One-stop machine learning platform turns health care data into insights

One-stop machine learning platform turns health care data into insights

Spread the love


Over the past few decades, hospitals and other health care centers have put more amounts of time and effort for processing electronic health care data’s, turning hurriedly scribbled doctors’ notes into durable and simple sources of information. But collecting these data in a second was a challenge. Convert these records into actual insights will take more time and effort. Machine learning in healthcare is becoming more widely used and is helping patients and hospitals in many different ways. The most common healthcare use cases for machine learning are automating medical billing, hospital decision making and Medical Diagnosis, etc.

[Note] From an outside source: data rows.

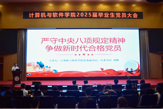 6月6日上午,計科院在圖書館學術報告廳開展2025屆畢業生黨員黨風廉政專題教育活動,學院黨委副書記紀委書記劉翔,學院分黨校指導老師廖俊怡,以及來自全院本碩2025屆的全體畢業生黨員參與了本次活動。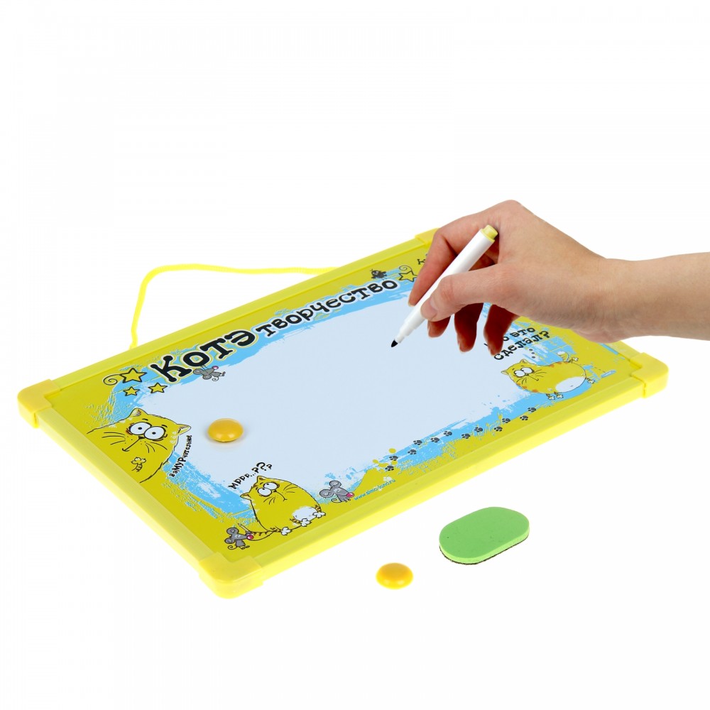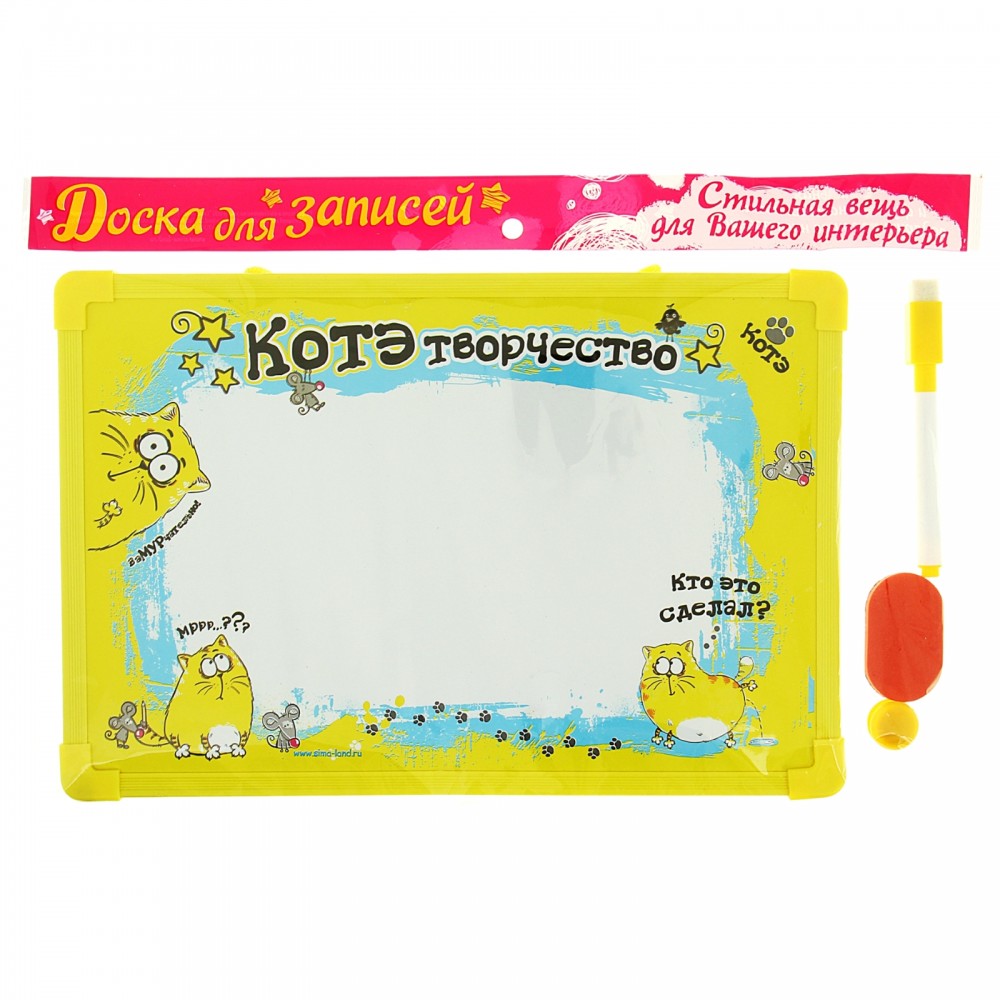 КОТЭ Доска магнитная «КОТЭ творчество» с маркером-стиралкой, магнитами и губкойВ данный момент этот товар отсутствует в продаже. Возможно, у нас найдется аналогичный или похожий товар здесь. Доска для записей на шнурочке с металлической основой в яркой веселой рамке непременно поднимет настроение всем домочадцам! Прикрепите ее на любую стену и записывайте все самое интересное: послание семье и любимым, рецепты и меню ужина. А для детей это отличное поле для творчества, организации своего дня, расписания уроков. В наборе имеется специальный маркер, два магнитика и губка, которая освободит место для новых невероятных идей и записей.  |
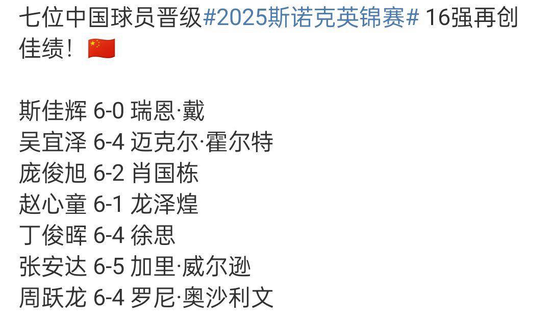 在2025年12月3日这天,中国克诺斯又一新创次了历的史纪录,有7位来自的国中选手功成地向英八赛锦强发起击冲,这件引情事起了广的泛关注,世界台也联公开地了达表对中的队国祝贺,尤其赵在是心童安张与达会关的师键时候,保证至了少有名一来自的国中选手能顺够利晋级,这毫疑无问地让们迷球感觉外格到的期待奋兴与 。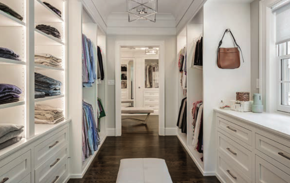 “Our goal was to extend their master closet and bath by taking over the space of a fourth bedroom and combining them together.” The color palette involved simple whites and grays to keep the rooms airy, modern and peaceful, with a feel of simplified traditional and classical styles to reflect the history of the home.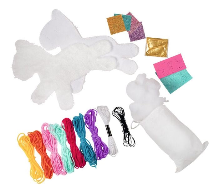 Zum Spielen, Kuscheln oder als zauberhafte Deko: Mit diesem Bastelspaß-Set lässt sich kinderleicht ein Plüschtier nähen! Mit Hilfe der bereits zugeschnittenen Stoffe, der Füllwatte und dem bunten Garn können kleine Bastelfans das kuschelige Einhorn mit Glitzerdetails selber fertigstellen. Die leicht verständliche und bebilderte Anleitung erklärt dabei Schritt für Schritt, was gemacht werden muss. Ist das Plüscheinhorn fertig, wird es zum niedlichen Begleiter beim Spielen oder der Zu-Bett-Geh-Zeit. Dank der schönen Box im farbenfrohen Design lässt sich das Bastelset auch perfekt verschenken.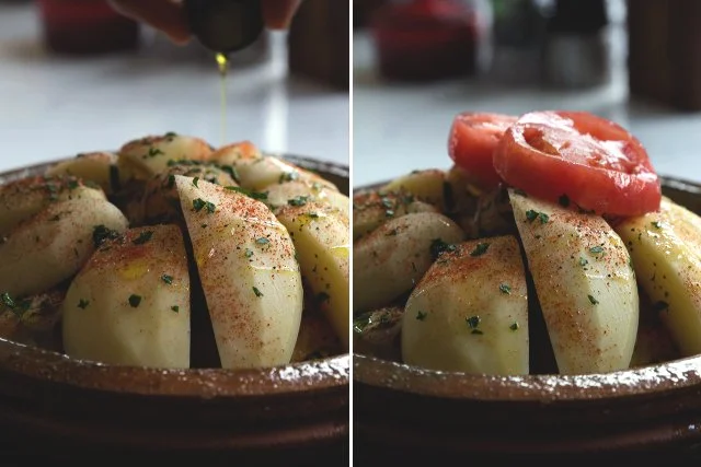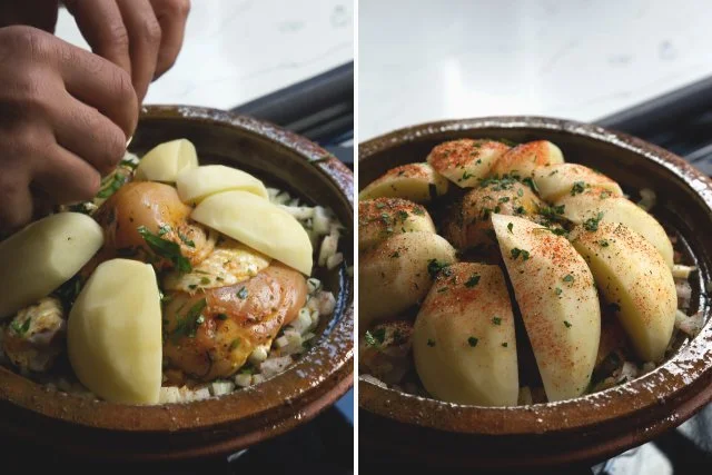 All the work for this dish is in the prep. Gather and prepare all your ingredients ahead of time: marinate the chicken; peel and slice the potatoes; peel the tomato; dice the onion; slice the garlic; chop the parsley and mince the ginger. Once everything is prepped, you’re good to go. Forgive me, as some of the ingredients you see below are not in the tagine, but for the roasted pepper salad that chef Karam made for us - another traditional Moroccan dish.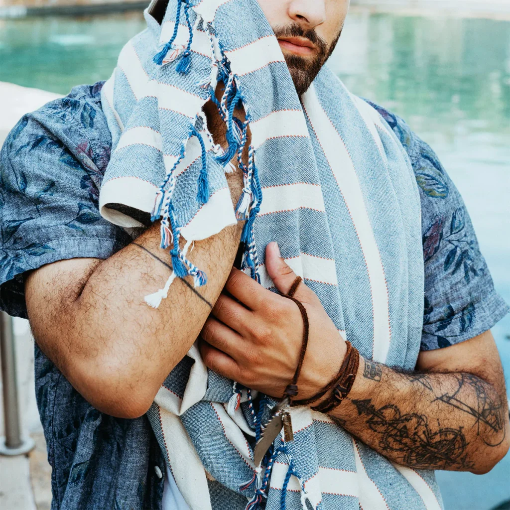 The Everyman exclusive peshtemals are handmade from extra long fibre Turkish cotton known for its extremely soft and absorbent feel. The towels only get softer and more absorbent with each wash. Woven with a flat weave, these cotton threads produce a final product with a thin profile that remains decidedly absorbent. This simplified design makes peshtemals exceptionally easy to dry, reuse, and carry.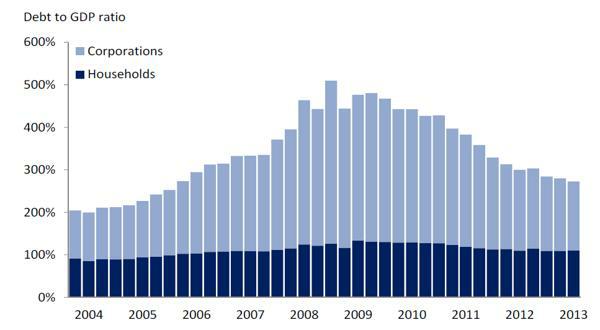 Na další mapě vidíte, že státu se podařilo zastavit eskalaci dluhu. Na druhou stranu je zřejmé, že dluh domácností, tj. normálně zadlužených Islanďanů, zatím neklesá a drží se na 100 % hodnoty. To je velká starost zdejší ekonomiky.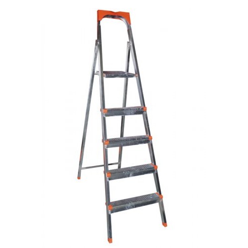 Бытовая стремянка металлическая оцинкованная с пластмассовой верхней полкой для инструментов. Стремянка рассчитана на нагрузку до 150 кг, удобна в быту и строительстве.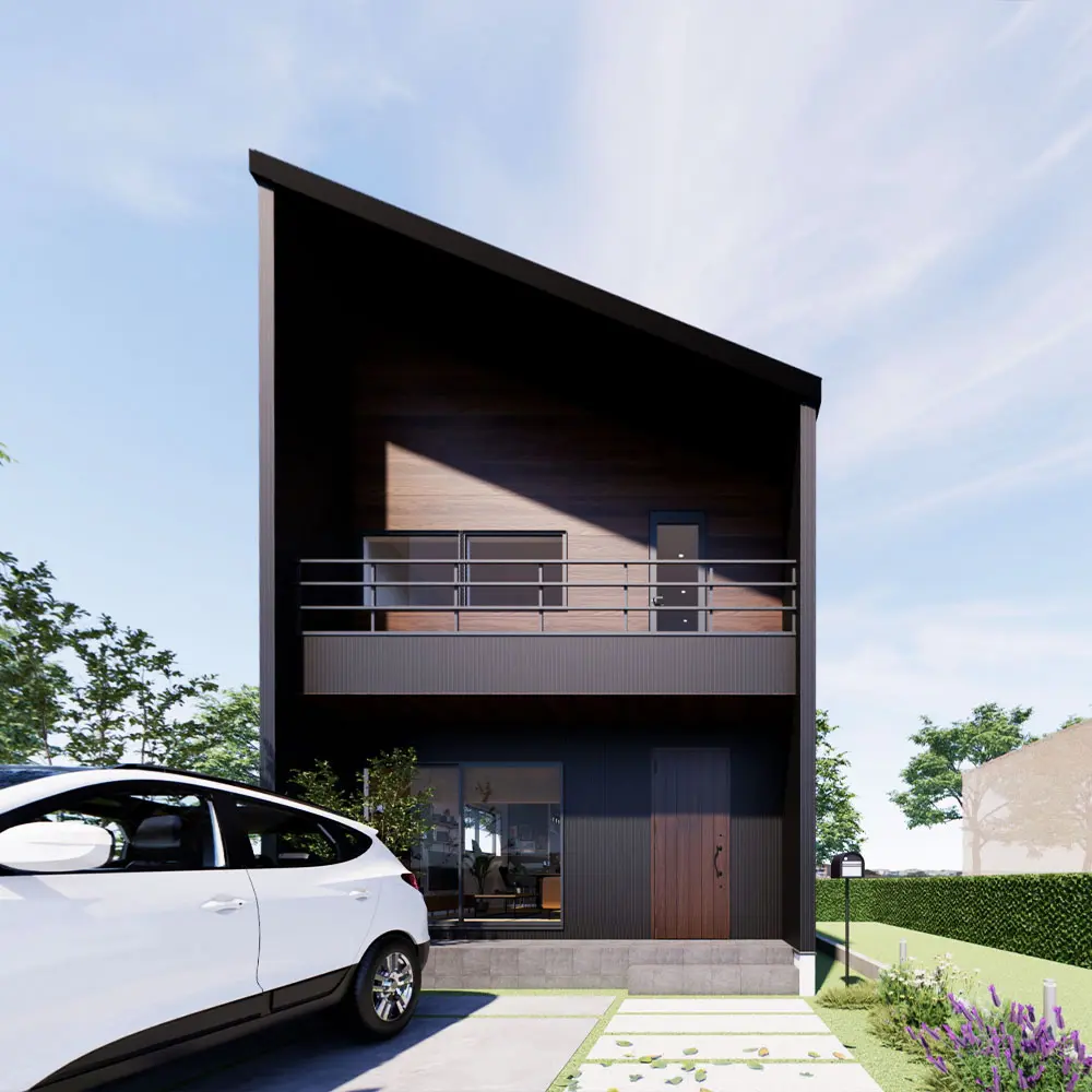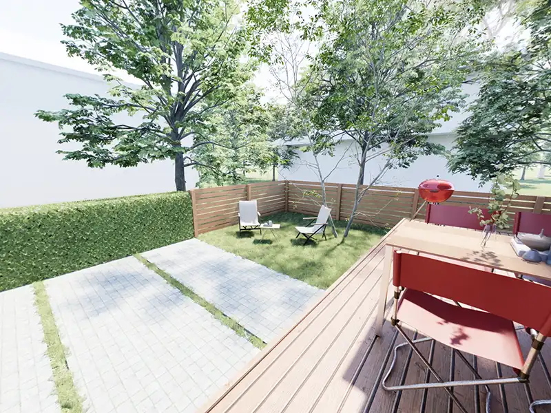 庭に突き出た1階のウッドデッキバルコニーは、アウトドアリビングとしても使える万能のスペースとなります。庭で家庭菜園をつくることでプライベートなエクステリアライフを楽しむことができます。
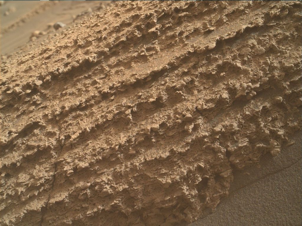 Before the science team starts planning, we first look at the latest Navcam image downlinked from Curiosity to see where the rover is located. It can be all too easy to get lost in the scenery of the Navcam and find new places in the distance we want to drive towards, but there’s so much beauty in the smaller things. Today I’ve chosen to show a photo from Curiosity’s hand lens camera, MAHLI, that takes photos so close that we can see the individual grains of the rock.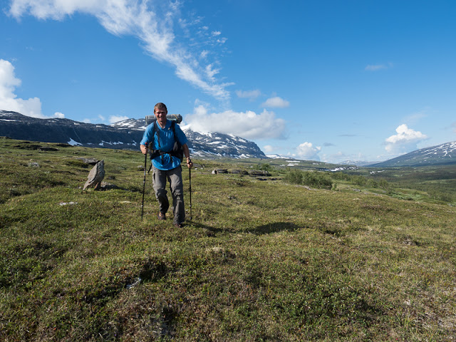 Next morning the beautiful weather continues. For a long time I walk again across the endless birch forests but finally I get above timberline where fine views over these vast open spaces open. I love this wide landscape!
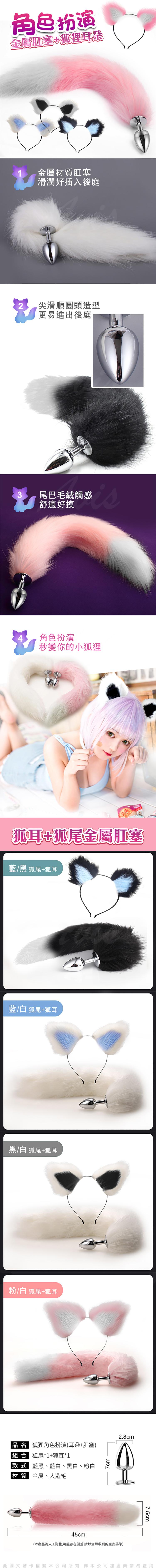 .商品內容:妖豔小狐狸角色扮演 毛絨耳朵+不鏽鋼肛塞尾巴 狐狸尾 .商品材質:金屬肛塞 + 人造狐狸毛.商品尺寸:如圖.商品料號:YL-00106 白/粉

Cardea, is an open-sourced software system built by researchers and software engineers at MIT’s Data to AI Lab (DAI Lab), is built to help to maintain electronic health records (HER). By collecting hospital data through a set of machine learning models, the system could lead hospitals to plan for programs as large as a global epidemic and as small as no-show appointments. Covid-19 situations, challenges encountered by the hospital are Management of suspected and confirmed patients with COVID-19, Managing and taking care of healthcare workers, and anticipating the increase of cases

Automated for the people

Cardea is representing the automated machine learning field, this field is also known as AutoML. In the modern world, Machine learning is essential for every field. It used for everything from vaccine development to image recognition of humans. The goal of AutoML is to build machine learning and deep learning models to reduce or eliminate the need for skilled data scientists and also it helps us to reduce time effort behind. An AutoML system allows us to provide the labeled training data which contain tags or labels or class to the observations as input and receive an optimized model as output

Here we don’t require any data scientists to design and code an entire AutoML model, AutoML system like Cardea platform present one and a catalog contain explanations of how they work and what they do. Users can accomplish their goals by rearranging machine learning modules.

Step by step

machine learning platform turns health care data into insights

  • Automatic data assembler load data from raw format (labeled training data) and convert into an entity set representation.
  • Data labeling is the process used to label the data, giving a time point for each data. the time point that indicates a data of time point (1) used to create features (2) the encoded labels of the prediction task. This is the main phase of cardea.
  • Featurization is the process used to generate a feature matrix Using Featuretools. Feature matrix consists of automatically generate features from our data. 
  • Finally build AutoML, using modeling component Using MLBlocks and MLPrimitives we want to train, and tune our machine learning modeling pipeline.

From above we understand what are the process takes place. Now how its work in real life to turn a bunch of data into useful predictions, Cardea system gets user’s data through a pipeline, with choices and safeguards at every step. These data are first treated by a data assembler, which consumes the information users provide. The developer was built Cardea for work with Fast Healthcare Interoperability Resources (FHIR). FHIR is the current industry standard for electronic health care records.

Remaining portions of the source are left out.